Advanced mRNA vaccines play vital roles against SARS-CoV-2. However, most current mRNA delivery platforms need to be stored at −20 °C or −70 °C due to their poor stability, which severely restricts their availability. Herein, we develop a lyophilization technique to prepare SARS-CoV-2 mRNA-lipid nanoparticle vaccines with long-term thermostability. The physiochemical properties and bioactivities of lyophilized vaccines showed no change at 25 °C over 6 months, and the lyophilized SARS-CoV-2 mRNA vaccines could elicit potent humoral and cellular immunity whether in mice, rabbits, or rhesus macaques. Furthermore, in the human trial, administration of lyophilized Omicron mRNA vaccine as a booster shot also engendered strong immunity without severe adverse events, where the titers of neutralizing antibodies against Omicron BA.1/BA.2/BA.4 were increased by at least 253-fold after a booster shot following two doses of the commercial inactivated vaccine, CoronaVac. This lyophilization platform overcomes the instability of mRNA vaccines without affecting their bioactivity and significantly improves their accessibility, particularly in remote regions.

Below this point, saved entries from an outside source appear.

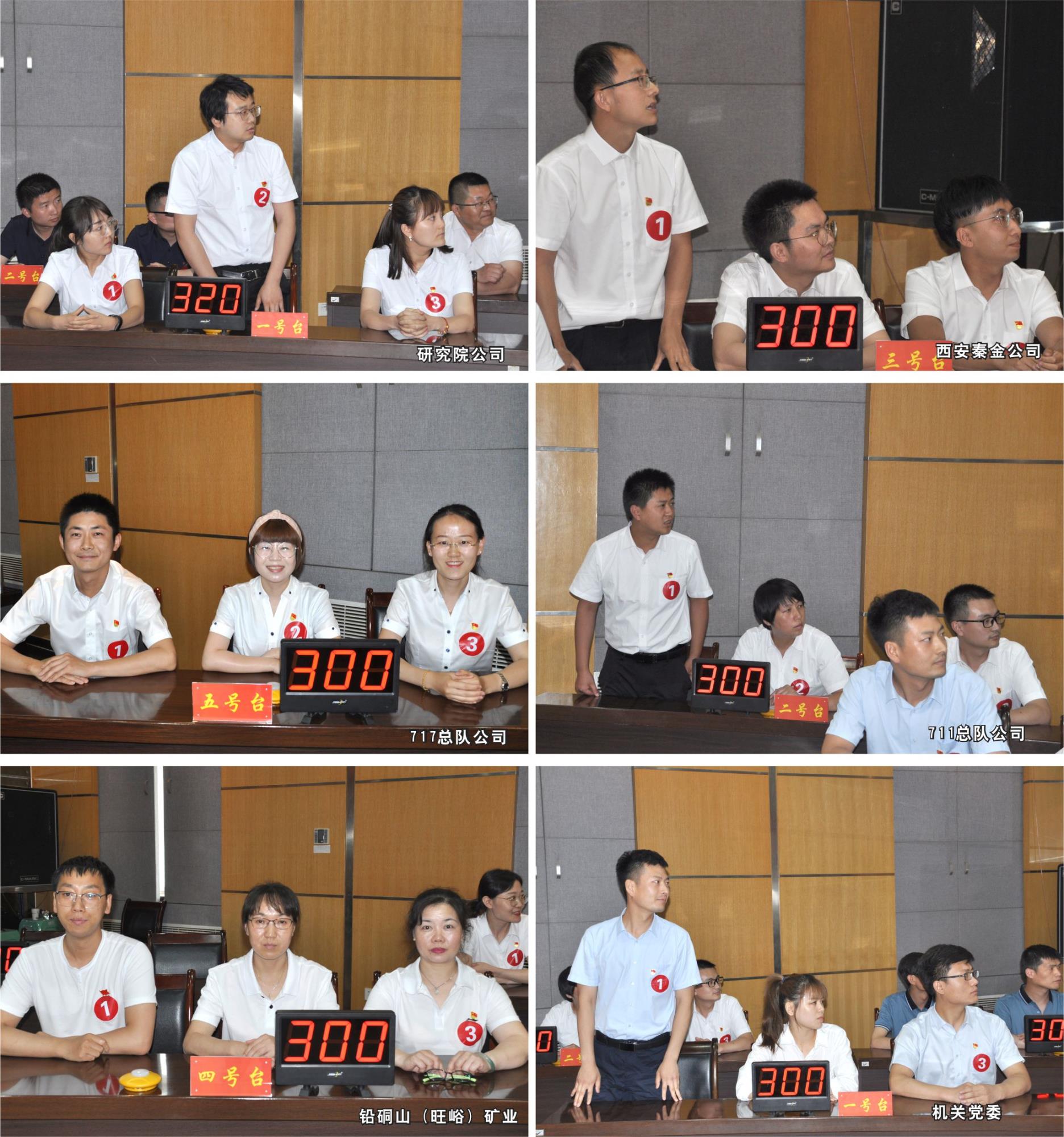 为争夺决赛入场券,比赛刚一开始就进入白热化。个人必答题是各队必争“筹码”,首轮赛完,各队比分旗鼓相当。进入抢答环节,比赛节奏陡然加快,选手们比知识、比能力、比速度,“夺分之战”反复上演,比分也逐渐拉开了差距。选手斩关夺隘、交锋激烈,观众们掌声不断、直呼精彩。时间不知不觉就来到了风险题环节,积分相对落后的队伍放手一搏、以期反超,中上游队伍审时度势、厚积薄发,贡献了一场紧张激烈、精彩纷呈的党史知识盛宴。经过激烈角逐,最终研究院公司、机关党委、西安秦金公司、717总队公司、711总队公司、铅硐山(旺峪)矿业6支代表队脱颖而出,锁定决赛局。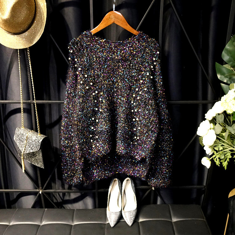 chic女神亮丝闪闪针织衫韩版手工钉珠镂空百搭前短后长显瘦毛衣女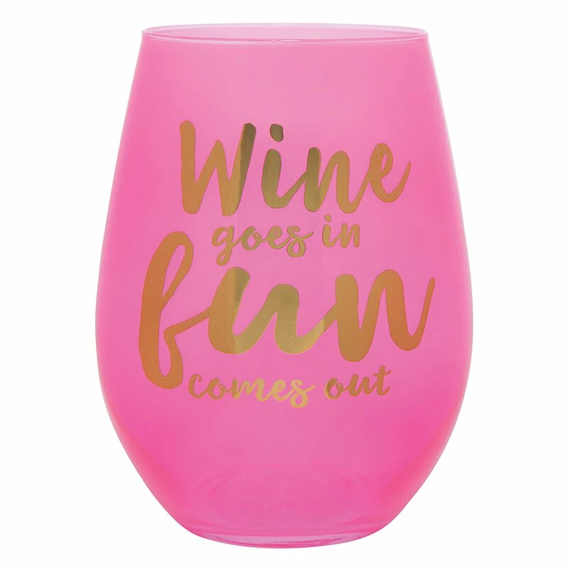 - Pink glass with “Wine Goes In, Fun Comes Out” in gold lettering

先进的 mRNA 疫苗在对抗 SARS-CoV-2 方面发挥着至关重要的作用。然而，目前大多数 mRNA 递送平台由于稳定性差，需要在-20 °C 或-70 °C 下储存，这严重限制了它们的可用性。在此，我们开发了一种冻干技术来制备具有长期热稳定性的 SARS-CoV-2 mRNA-脂质纳米颗粒疫苗。冻干疫苗的理化特性和生物活性在 25°C 下 6 个月内没有变化，冻干 SARS-CoV-2 mRNA 疫苗无论是在小鼠、兔子还是恒河猴中都可以引发有效的体液和细胞免疫。此外，在人体试验中，冻干的 Omicron mRNA 疫苗作为加强针注射也产生了强大的免疫力，没有严重的不良事件，其中针对 Omicron BA.1/BA.2/BA 的中和抗体的滴度。在两剂商业灭活疫苗 CoronaVac 后加强注射后，4 增加了至少 253 倍。这种冻干平台在不影响其生物活性的情况下克服了 mRNA 疫苗的不稳定性，并显着提高了它们的可及性，特别是在偏远地区。